In concorso 'Io sono con te' di Guido Chiesa. Presentato 'Boardwalk Empire', la serie di Martin Scorsese

Guido Chiesa e la sua Maria di Nazareth in “Io sono con te” è l’ultimo degli italiani in concorso al Festival del Film di Roma. “Kill me please” del belga Olias Barco, invece, chiude l’elenco dei film in competizione in questa edizione.

Tra gli eventi della giornata, “Boardwalk Empire” di Martin Scorsese, puntata pilota di una serie con Steve Buscemi prodotta dal regista che racconta l’inizio del proibizionismo. Poi l’incontro con Inge Feltrinelli e vari scrittori condotto da Gad Lerner, seguito dalla proiezione del documentario “Inge film” di Luca Scarzella e Simonetta Fiori. Per L’Altro Cinema | Extra, fuori concorso, sarà proiettato “Yves Saint Laurent, L’amour fou” di Pierre Thoretton. Infine in concorso per la sezione Alice nella città ci saranno: “I want to be a soldier” dello spagnolo Christian Molina, “Tête de turc” del francese Pascal Elbé e “Herois” dello spagnolo Pau Freixas, mentre in collaborazione tra Alice nella città e L’Altro Cinema | Extra sarà presentato “Waiting for Superman” dal regista premio Oscar di Una scomoda verità David Guggenheim, un’inchiesta sulla crisi dell’istruzione pubblica negli Stati Uniti.

IO SONO CON TE
di Guido Chiesa, Italia 2010 (Rai Trade)
Nadia Khlifi, Rabeb Srairi, Mustapha Benstiti, Mohamed Idoudi, Ahmed Hafiene,Carlo Cecchi, Giorgio Colangeli, Fabrizio Gifuni.

In fondo è una storia d’amore. L’amore più grande, quello di una madre per il figlio, quello della madre e del figlio più famosi della storia.

Nella Galilea di duemila anni fa, Maria viene promessa in sposa a Giuseppe, vedovo e con due figli. Maria è giovane, dolcissima, con idee e sentimenti limpidi e forti. Giuseppe ha un cuore grande, è gentile, e accetta la misteriosa gravidanza di Maria senza fare troppe domande. Nemmeno quando Maria comincia a mettere in discussione la legge di Mardocheo, il fratello più anziano di Giuseppe e capo della comunità. Leggi fatte dagli uomini, che prescrivono solo disciplina e sottomissione. La nascita di suo figlio Gesù non fa che rafforzarla nelle sue convinzioni, che difende sempre con un sorriso più forte di cento spade. “Il Signore ci chiede misericordia, non sacrifici”, dirà quando si rifiuterà di sottoporre suo figlio alla circoncisione. E ricorderà sempre: “Io sono cresciuta nell'amore, a cominciare dal latte materno”. Così crescerà suo figlio Gesù, nell’amore incondizionato, che nulla chiede in cambio, che sta sopra le regole degli uomini, e che per questo è rivoluzionario.
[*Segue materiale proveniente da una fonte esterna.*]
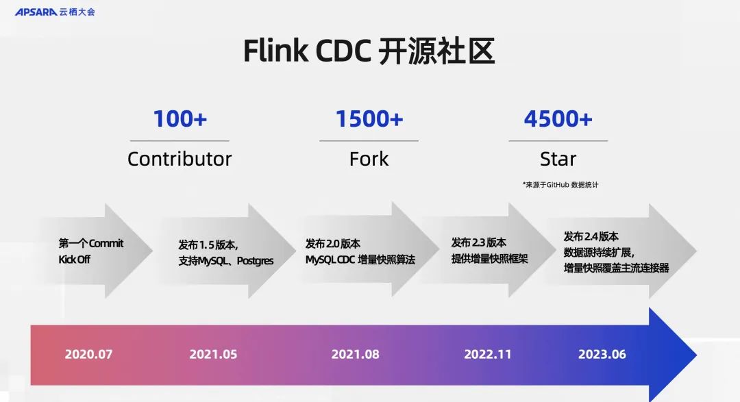 还有一个听众可能比较感兴趣的点,Flink CDC 这个项目是完全开源的,并且从诞生的第一天就是从开源社区出来的,到现在已经从 0.x 版本发到最新的 2.4.2 版本,在全体社区贡献者的维护下已经走过三年,作为个人兴趣项目逐步打磨起来的开源项目,三年的时间这个社区的发展是非常迅速的。这里讲的发展并不只是说 Github Star 4500+ 的非常快速的发展,其实我们更看重的是代码 Fork 数和社区贡献者数量。Fork 数指标表示了有多少组织、多少的开源社区贡献者在使用 Flink CDC 仓库,比如说 Apache InLong 这样的顶级项目都是集成了 Flink CDC。

Guido Chiesa (“Babylon”, “Il partigiano Johnny”, “Lavorare con lentezza”) dice che questo film è nato da una discussione con una donna, Maeve Corbo, che parlando con sua moglie (e co-sceneggiatrice) Nicoletta Micheli ha messo in luce aspetti della figura di Maria lontani da quelli classici, più madre che mito. Partendo da questo, e attingendo sia dai vangeli canonici che dai testi apocrifi, il regista racconta una storia minima, lontana da miracoli, sacralità, miti e magie. La fa recitare in un dialetto tipico delle Tunisia meridionale (dove il film è stato girato), che è un misto di arabo, ebraico e aramaico, e in greco antico da attori quasi tutti non professionisti. Un’operazione alla Mel Gibson, verrebbe da pensare, ma in realtà meno pomposa e più garbata (un peccato che il film nelle sale arriverà doppiato). Ed è essenzialmente la storia di una maternità, di un paradigma di maternità, quella basata su amore e fiducia incondizionati, che dice al figlio “io ci sono, ma tu vai e sii libero”, che rende il figlio capace a sua volta di amare, di essere forte e indipendente. Il padre, sostiene il regista, deve dare il suo contributo, senza interferire, perché – e anche la chiesa spesso lo dimentica - sono le madri, le donne, quelle che veramente cambiano la storia. Se Gesù fu l’uomo che sappiamo, è insomma la tesi di Chiesa, fu soprattutto merito di Maria. Visto così, alleggerendolo del peso dell’ufficialità, “Io sono con te”, pur con qualche leggerezza, è un bel film. E il sorriso di Nadia Khlifi (Maria da bambina) ci resterà a lungo negli occhi. (Sa.Sa.)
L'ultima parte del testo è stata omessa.